■ **What is required**: Each line of the listing below should come back exactly as it is.

___ Raw data

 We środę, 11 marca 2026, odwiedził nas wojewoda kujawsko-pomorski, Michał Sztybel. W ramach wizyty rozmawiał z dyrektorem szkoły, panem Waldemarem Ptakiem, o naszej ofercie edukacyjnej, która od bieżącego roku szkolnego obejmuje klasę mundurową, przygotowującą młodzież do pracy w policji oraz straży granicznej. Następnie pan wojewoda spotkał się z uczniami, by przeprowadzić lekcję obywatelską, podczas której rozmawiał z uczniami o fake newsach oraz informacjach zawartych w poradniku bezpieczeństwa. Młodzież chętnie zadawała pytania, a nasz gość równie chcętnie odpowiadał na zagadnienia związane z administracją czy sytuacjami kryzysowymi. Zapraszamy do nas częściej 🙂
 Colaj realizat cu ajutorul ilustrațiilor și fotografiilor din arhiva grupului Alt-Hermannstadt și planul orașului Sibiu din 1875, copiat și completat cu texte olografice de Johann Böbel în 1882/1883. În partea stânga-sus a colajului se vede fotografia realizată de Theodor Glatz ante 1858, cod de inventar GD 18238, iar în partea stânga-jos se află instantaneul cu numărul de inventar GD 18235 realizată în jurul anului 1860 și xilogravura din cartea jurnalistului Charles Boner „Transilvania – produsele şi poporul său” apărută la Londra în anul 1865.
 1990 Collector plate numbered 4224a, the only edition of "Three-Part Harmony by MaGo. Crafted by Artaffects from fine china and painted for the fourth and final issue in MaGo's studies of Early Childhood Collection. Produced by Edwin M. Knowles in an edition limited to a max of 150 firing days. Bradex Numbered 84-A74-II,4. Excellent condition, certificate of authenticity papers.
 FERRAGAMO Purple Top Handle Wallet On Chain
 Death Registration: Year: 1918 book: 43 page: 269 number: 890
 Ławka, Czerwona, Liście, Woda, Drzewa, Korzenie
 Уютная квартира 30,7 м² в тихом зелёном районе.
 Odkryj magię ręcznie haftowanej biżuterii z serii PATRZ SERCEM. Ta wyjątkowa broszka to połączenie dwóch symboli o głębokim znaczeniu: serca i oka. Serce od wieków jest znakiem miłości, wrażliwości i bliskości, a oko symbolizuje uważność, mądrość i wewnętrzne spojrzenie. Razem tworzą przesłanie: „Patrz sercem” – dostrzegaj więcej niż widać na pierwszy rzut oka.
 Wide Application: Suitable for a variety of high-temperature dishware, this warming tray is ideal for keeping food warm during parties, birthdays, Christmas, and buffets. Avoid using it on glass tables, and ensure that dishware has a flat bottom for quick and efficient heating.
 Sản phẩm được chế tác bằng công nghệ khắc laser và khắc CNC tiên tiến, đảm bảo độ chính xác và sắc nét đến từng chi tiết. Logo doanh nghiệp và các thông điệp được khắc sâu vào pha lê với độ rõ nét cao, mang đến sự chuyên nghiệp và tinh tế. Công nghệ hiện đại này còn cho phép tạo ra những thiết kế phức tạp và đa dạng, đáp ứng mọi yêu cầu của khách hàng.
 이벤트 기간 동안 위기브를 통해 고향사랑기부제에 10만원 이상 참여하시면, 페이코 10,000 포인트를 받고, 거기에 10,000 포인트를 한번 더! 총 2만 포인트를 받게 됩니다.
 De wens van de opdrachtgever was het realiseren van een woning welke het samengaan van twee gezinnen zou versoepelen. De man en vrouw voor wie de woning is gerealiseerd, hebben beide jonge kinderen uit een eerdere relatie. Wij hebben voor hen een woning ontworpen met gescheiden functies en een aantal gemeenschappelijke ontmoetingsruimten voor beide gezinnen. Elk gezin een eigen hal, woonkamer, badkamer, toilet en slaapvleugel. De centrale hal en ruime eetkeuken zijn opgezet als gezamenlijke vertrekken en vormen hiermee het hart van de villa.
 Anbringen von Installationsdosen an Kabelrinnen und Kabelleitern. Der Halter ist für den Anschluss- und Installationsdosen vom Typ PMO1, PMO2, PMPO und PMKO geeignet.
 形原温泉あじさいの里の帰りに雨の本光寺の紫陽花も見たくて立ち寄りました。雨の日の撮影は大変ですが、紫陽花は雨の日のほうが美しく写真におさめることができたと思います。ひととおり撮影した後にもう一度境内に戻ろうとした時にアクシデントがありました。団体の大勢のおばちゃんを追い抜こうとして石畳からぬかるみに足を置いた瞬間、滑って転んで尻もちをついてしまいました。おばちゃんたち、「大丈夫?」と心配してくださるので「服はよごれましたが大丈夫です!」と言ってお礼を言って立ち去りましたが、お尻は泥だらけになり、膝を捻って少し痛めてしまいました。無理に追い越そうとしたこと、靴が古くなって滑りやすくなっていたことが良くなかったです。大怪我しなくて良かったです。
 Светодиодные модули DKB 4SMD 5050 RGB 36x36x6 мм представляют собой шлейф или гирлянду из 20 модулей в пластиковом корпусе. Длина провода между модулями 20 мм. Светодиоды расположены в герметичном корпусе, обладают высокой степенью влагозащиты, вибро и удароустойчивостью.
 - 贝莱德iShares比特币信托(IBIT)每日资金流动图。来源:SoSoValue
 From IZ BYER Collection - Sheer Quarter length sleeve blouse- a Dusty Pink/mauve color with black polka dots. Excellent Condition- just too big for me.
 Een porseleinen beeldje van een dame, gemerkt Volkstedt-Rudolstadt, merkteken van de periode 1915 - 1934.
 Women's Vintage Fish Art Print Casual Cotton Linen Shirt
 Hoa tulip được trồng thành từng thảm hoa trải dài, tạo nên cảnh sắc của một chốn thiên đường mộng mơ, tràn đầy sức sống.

______

■ **Answer for this exercise**:
 We środę, 11 marca 2026, odwiedził nas wojewoda kujawsko-pomorski, Michał Sztybel. W ramach wizyty rozmawiał z dyrektorem szkoły, panem Waldemarem Ptakiem, o naszej ofercie edukacyjnej, która od bieżącego roku szkolnego obejmuje klasę mundurową, przygotowującą młodzież do pracy w policji oraz straży granicznej. Następnie pan wojewoda spotkał się z uczniami, by przeprowadzić lekcję obywatelską, podczas której rozmawiał z uczniami o fake newsach oraz informacjach zawartych w poradniku bezpieczeństwa. Młodzież chętnie zadawała pytania, a nasz gość równie chcętnie odpowiadał na zagadnienia związane z administracją czy sytuacjami kryzysowymi. Zapraszamy do nas częściej 🙂
 Colaj realizat cu ajutorul ilustrațiilor și fotografiilor din arhiva grupului Alt-Hermannstadt și planul orașului Sibiu din 1875, copiat și completat cu texte olografice de Johann Böbel în 1882/1883. În partea stânga-sus a colajului se vede fotografia realizată de Theodor Glatz ante 1858, cod de inventar GD 18238, iar în partea stânga-jos se află instantaneul cu numărul de inventar GD 18235 realizată în jurul anului 1860 și xilogravura din cartea jurnalistului Charles Boner „Transilvania – produsele şi poporul său” apărută la Londra în anul 1865.
 1990 Collector plate numbered 4224a, the only edition of "Three-Part Harmony by MaGo. Crafted by Artaffects from fine china and painted for the fourth and final issue in MaGo's studies of Early Childhood Collection. Produced by Edwin M. Knowles in an edition limited to a max of 150 firing days. Bradex Numbered 84-A74-II,4. Excellent condition, certificate of authenticity papers.
 FERRAGAMO Purple Top Handle Wallet On Chain
 Death Registration: Year: 1918 book: 43 page: 269 number: 890
 Ławka, Czerwona, Liście, Woda, Drzewa, Korzenie
 Уютная квартира 30,7 м² в тихом зелёном районе.
 Odkryj magię ręcznie haftowanej biżuterii z serii PATRZ SERCEM. Ta wyjątkowa broszka to połączenie dwóch symboli o głębokim znaczeniu: serca i oka. Serce od wieków jest znakiem miłości, wrażliwości i bliskości, a oko symbolizuje uważność, mądrość i wewnętrzne spojrzenie. Razem tworzą przesłanie: „Patrz sercem” – dostrzegaj więcej niż widać na pierwszy rzut oka.
 Wide Application: Suitable for a variety of high-temperature dishware, this warming tray is ideal for keeping food warm during parties, birthdays, Christmas, and buffets. Avoid using it on glass tables, and ensure that dishware has a flat bottom for quick and efficient heating.
 Sản phẩm được chế tác bằng công nghệ khắc laser và khắc CNC tiên tiến, đảm bảo độ chính xác và sắc nét đến từng chi tiết. Logo doanh nghiệp và các thông điệp được khắc sâu vào pha lê với độ rõ nét cao, mang đến sự chuyên nghiệp và tinh tế. Công nghệ hiện đại này còn cho phép tạo ra những thiết kế phức tạp và đa dạng, đáp ứng mọi yêu cầu của khách hàng.
 이벤트 기간 동안 위기브를 통해 고향사랑기부제에 10만원 이상 참여하시면, 페이코 10,000 포인트를 받고, 거기에 10,000 포인트를 한번 더! 총 2만 포인트를 받게 됩니다.
 De wens van de opdrachtgever was het realiseren van een woning welke het samengaan van twee gezinnen zou versoepelen. De man en vrouw voor wie de woning is gerealiseerd, hebben beide jonge kinderen uit een eerdere relatie. Wij hebben voor hen een woning ontworpen met gescheiden functies en een aantal gemeenschappelijke ontmoetingsruimten voor beide gezinnen. Elk gezin een eigen hal, woonkamer, badkamer, toilet en slaapvleugel. De centrale hal en ruime eetkeuken zijn opgezet als gezamenlijke vertrekken en vormen hiermee het hart van de villa.
 Anbringen von Installationsdosen an Kabelrinnen und Kabelleitern. Der Halter ist für den Anschluss- und Installationsdosen vom Typ PMO1, PMO2, PMPO und PMKO geeignet.
 形原温泉あじさいの里の帰りに雨の本光寺の紫陽花も見たくて立ち寄りました。雨の日の撮影は大変ですが、紫陽花は雨の日のほうが美しく写真におさめることができたと思います。ひととおり撮影した後にもう一度境内に戻ろうとした時にアクシデントがありました。団体の大勢のおばちゃんを追い抜こうとして石畳からぬかるみに足を置いた瞬間、滑って転んで尻もちをついてしまいました。おばちゃんたち、「大丈夫?」と心配してくださるので「服はよごれましたが大丈夫です!」と言ってお礼を言って立ち去りましたが、お尻は泥だらけになり、膝を捻って少し痛めてしまいました。無理に追い越そうとしたこと、靴が古くなって滑りやすくなっていたことが良くなかったです。大怪我しなくて良かったです。
 Светодиодные модули DKB 4SMD 5050 RGB 36x36x6 мм представляют собой шлейф или гирлянду из 20 модулей в пластиковом корпусе. Длина провода между модулями 20 мм. Светодиоды расположены в герметичном корпусе, обладают высокой степенью влагозащиты, вибро и удароустойчивостью.
 - 贝莱德iShares比特币信托(IBIT)每日资金流动图。来源:SoSoValue
 From IZ BYER Collection - Sheer Quarter length sleeve blouse- a Dusty Pink/mauve color with black polka dots. Excellent Condition- just too big for me.
 Een porseleinen beeldje van een dame, gemerkt Volkstedt-Rudolstadt, merkteken van de periode 1915 - 1934.
 Women's Vintage Fish Art Print Casual Cotton Linen Shirt
 Hoa tulip được trồng thành từng thảm hoa trải dài, tạo nên cảnh sắc của một chốn thiên đường mộng mơ, tràn đầy sức sống.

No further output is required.